If I read your page on my desktop, JavaScript was off - unless I had forgotten to revoke temporary permissions after whitelidting Google analytics on another page.
Which illustrates that Google analytics reports something, but what it reports is what it reports. To put it another way, Google Analytics records information useful to Google. What it reports back to the datapoint is designed to appear useful to the datapoint. The purpose of the information provided is solely to encourage the datapoint to keep using Google Analytics so that Google can keep using the datapoint's website to track people on the internet.
For me (echoing some of what gnosis has stated), the real value that HN brings is the discussion. Frequently, I find the comments, insights, opinions, and tangents elicited by HN submissions to be more interesting and thought-provoking than the submissions themselves. I typically browse through the discussion a good bit before ever clicking through to the article/site which initially drove the discussion. There are plenty of "show-and-tell" mechanisms on the Web. What sets HN apart, in my mind, is the round-table that develops in response to a lot of those submissions.
Like has been mentioned by many, this is incorrect interpretation... and quite common to see on blogs or single page sites. Although technically it's not dependent pageviews, but interactions (so pageviews or events).
So, one common way to handle this on blogs is to use setTimeout in conjunction with an event. Basically you fire an event after 15 or so sections which will then count as an interaction.
As another data point, I recently had a 60% read rate on a post that was on HN's front page for a while.
It was a post on medium.com about Pac-Man. Medium tracks number of views and number of reads per day. I think they use a metric that's not just time-on-page to differentiate between views and reads. My post had about 26k views and about 15k reads the day it was on the front page.
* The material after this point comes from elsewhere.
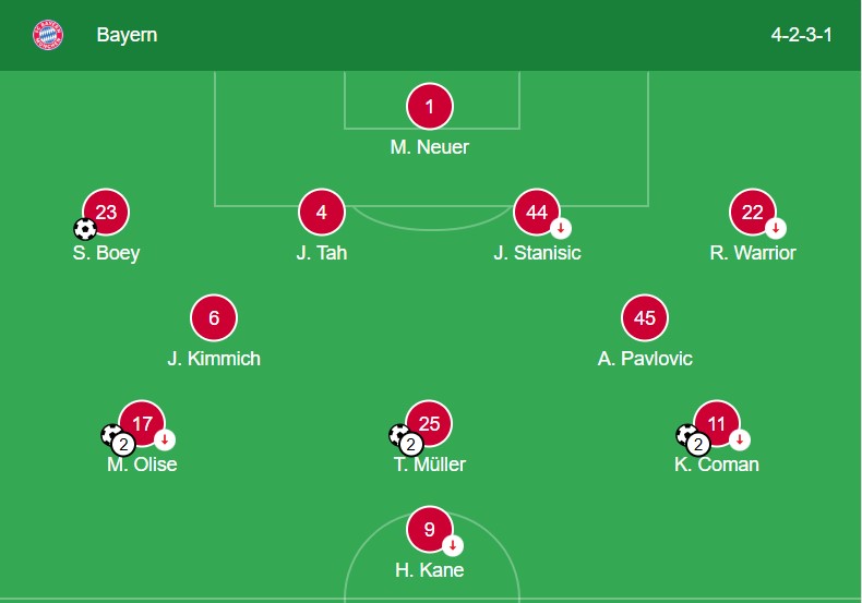 At the 45th minute, Olise crossed from the right and Thomas Müller ghosted into the box to volley into the top right 5-0.

Paul, you may want to compare raw web server logs to the numbers you get from GA. I wouldn't be surprised if there's a big discrepancy, especially when there's HN in the mix. Moreover, those who are nerdy enough to surf with tracking scripts blocked might be the ones who actually read the article ;)
I tend to quickly go through the front page and bookmark the articles that I'm interested in. Then, when I have the time and I'm on my tablet - I read them.
It may be that I'm not the only person that does this kinda thing.
This is because when I did read more of them, they usually turned out to be a lot less interesting than the ensuing discussion on HN.
So now I use the HN discussion as a proxy for article quality. In the HN discussion I can often find a good summary of the article and get a sense of whether the article is likely to be worth reading or not.
Only maybe 1 out of 10 articles or less that I look interesting to me on HN wind up ones that I actually bother to click through. And of the ones I click through, only 1 out of 10 wind up deserving of being read rather than skimmed.
Some years back, there were a couple of "HN Full Feed" type RSS feeds, that would send the contents of the entire linked article, so I could read them without even bothering to go on to the web site.
I valued these services not only because they were more convenient in that it made clicking through and waiting for the aritcle to load no longer necessary, but also because there'd be less tracking of my interests this way.
I also have javascript disabled for 99% of the sites I visit, and am considering starting to use TOR for more of my browsing. It's really nobody's business what I'm reading, and it's a real pity the Internet wasn't built with more inherent privacy and anonymity features.